» About this task
Lines from the one containing "Wendell recebeu a" through the final line of the records below are needed, copied exactly, with no pictures.

» Dataset
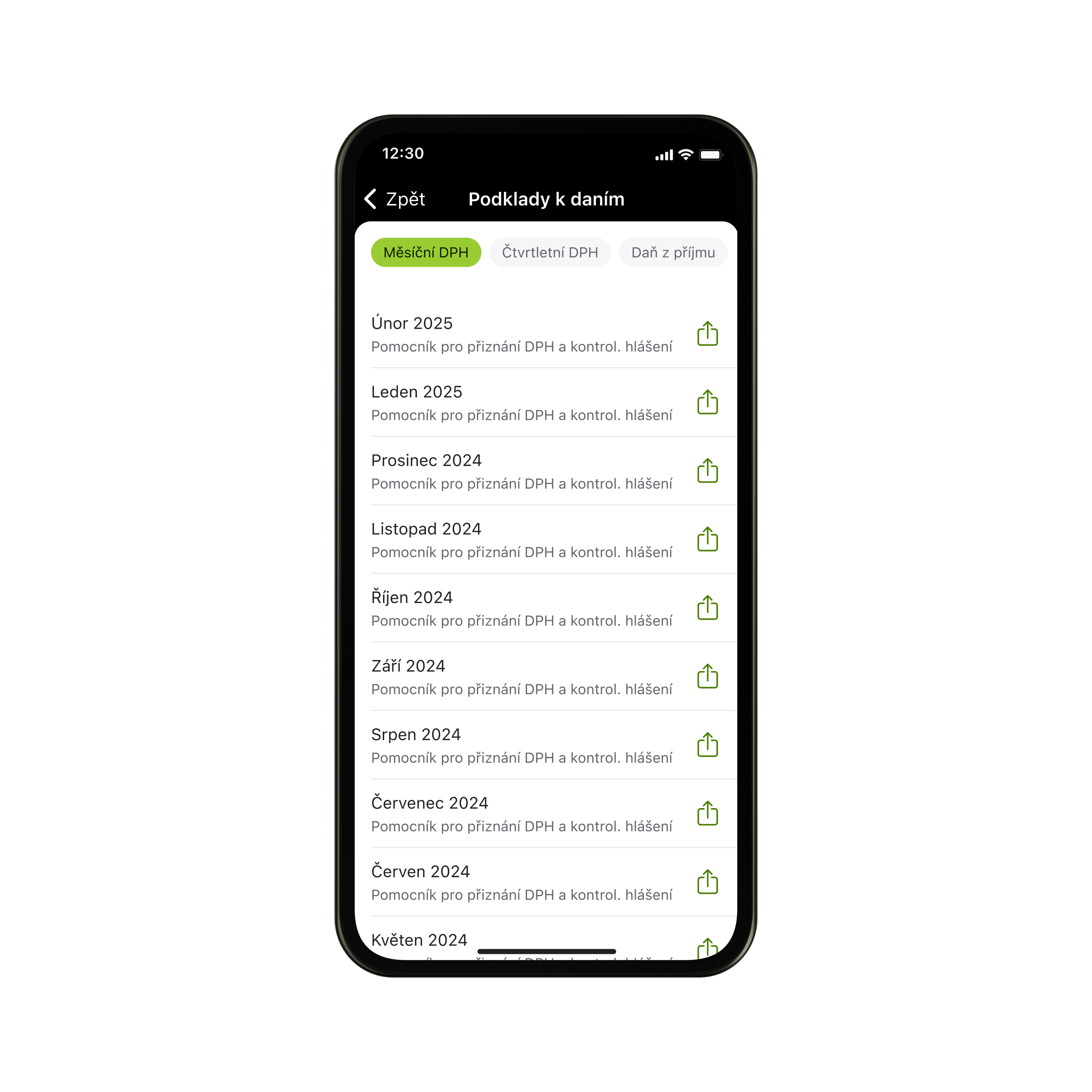 V aplikaci klient nalezne přednastavené měsíční výpisy nebo možnost si vygenerovat výpis podle libovolného období. |
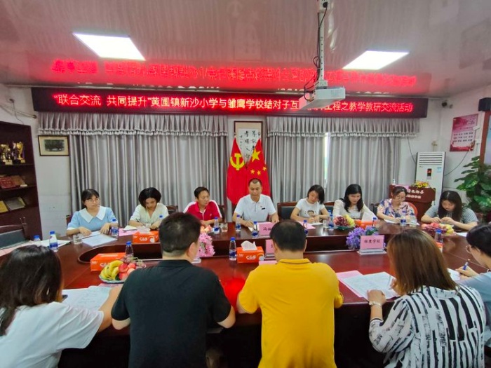 為了進一步提高期末復習的有效性,提升教師的業務能力。2022年6月17日下午,新沙小學的馮祐培副校長和冼鳳蘭主任帶領新沙小學教師團隊一行9人蒞臨雛鷹學校進行送課并進行教研交流活動。
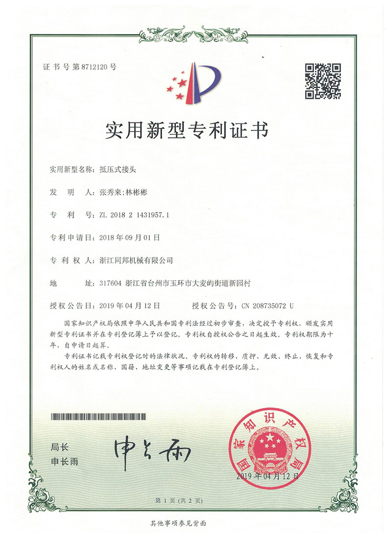 浙江同邦機(jī)械有限公司是一家主要生產(chǎn)液壓流體連接件、卡套式管接頭、過渡接頭、軟管接頭、軟管總成、硬管總成、油缸頭、汽車零部件,集研發(fā)、制造和銷售為一體的綜合性公司。我們擁有專業(yè)的設(shè)備和技術(shù)人員,并且通過IATF16949國際質(zhì)量管理體系認(rèn)證和8項產(chǎn)品專利。
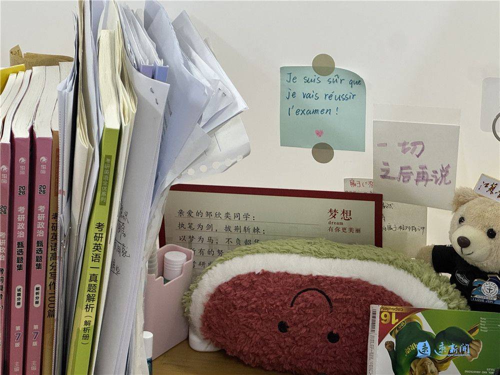 陆晓涵是典型的“稳扎稳打型”。“我最先抓的是英语,专业课也跟着一轮一轮过。”陆晓涵说,成为一名研究生是她一直以来的梦想,但她并不会给自己太大压力,放轻松才能发挥好。
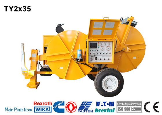 TY2x35 Hydraulic Tensioner The machine allows for the tension stringing of twin-bundle conductor of 630mm2 and below in mountainous and hilly areas, of twin-bundle conductor of 720mm2 and below in flat lands, and of conductor 720mm2 in various terrains; besides, it can be used for tension stringing of OPGW or ADSS optical cable and 500kV haulage rope in various terrains |
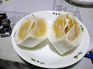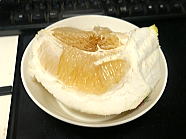 | 20時53分、今日収穫した鬼柚子を食べました。 クセの無いまろやかな味でした。ご馳走様でした。 |
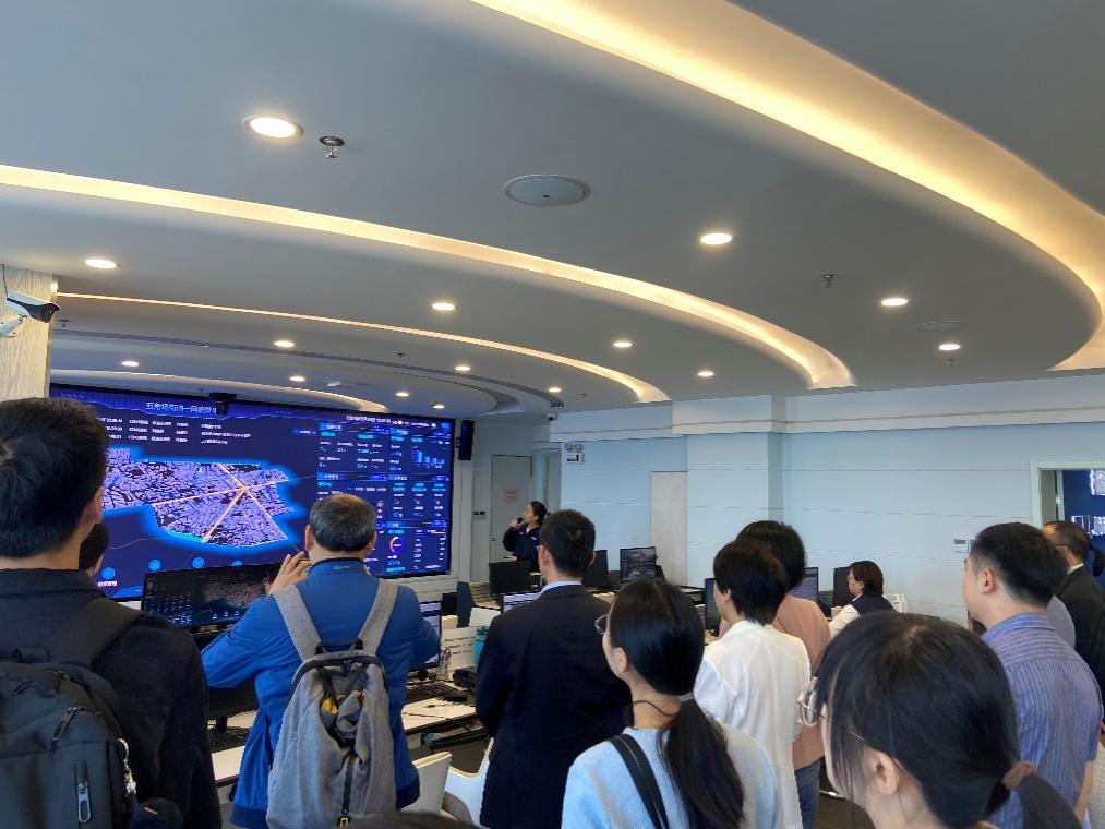 师生党员一行首先抵达了五角场街道城运中心。在街道党工委副书记、办事处主任陈柏霖和党工委副书记邵晓燕的带领下,师生党员有序进入街道城运中心指挥室。在这里,中心讲解员郭艳详细介绍了数字化时代五角场街道在基层治理方面的探索与实践。通过现场演示和讲解,党员们对如何利用现代科技手段提升城市治理效能有了更为直观的认识和理解。
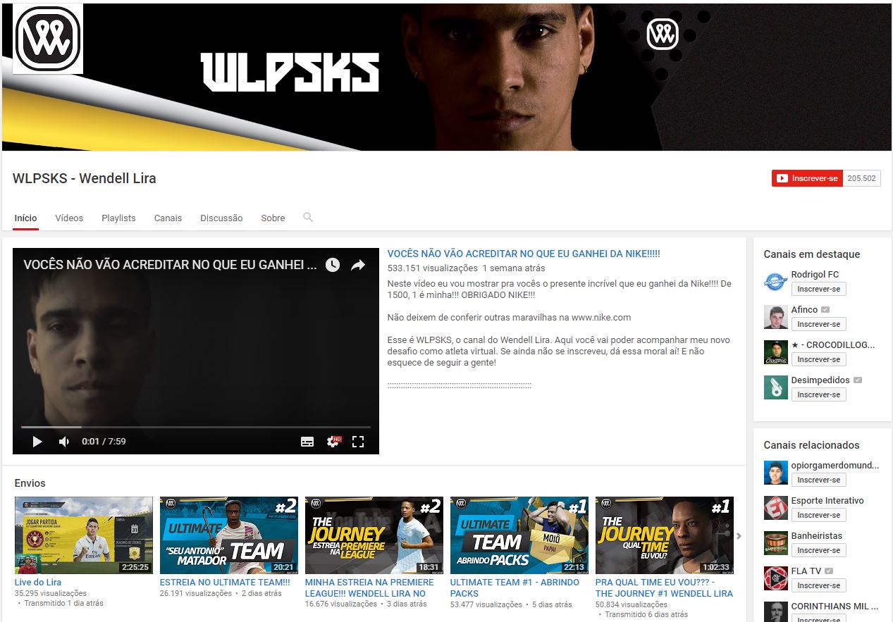 Wendell recebeu a promessa de uma proposta. A oferta foi tentadora. Desde agosto, o canal de YouTube WLPSKS, uma mistura do nome do jogador e do prêmio Puskas, está no ar. Em dois meses são quase 200 mil inscritos e um pouco mais de três milhões de visualizações. Números impressionantes.
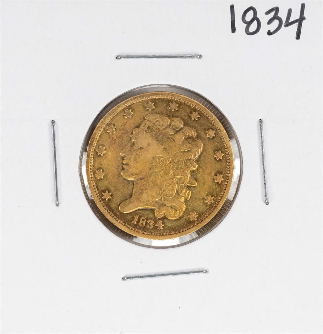 One 1834 Plain 4 $5 Classic Head Half Eagle Gold Coin.
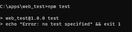 그 예로, cmd 창에 npm test를 입력하면 우측 문자열이 출력되는 것을 확인할 수 있다.

» Expected answer
 Wendell recebeu a promessa de uma proposta. A oferta foi tentadora. Desde agosto, o canal de YouTube WLPSKS, uma mistura do nome do jogador e do prêmio Puskas, está no ar. Em dois meses são quase 200 mil inscritos e um pouco mais de três milhões de visualizações. Números impressionantes.
 One 1834 Plain 4 $5 Classic Head Half Eagle Gold Coin.
 그 예로, cmd 창에 npm test를 입력하면 우측 문자열이 출력되는 것을 확인할 수 있다.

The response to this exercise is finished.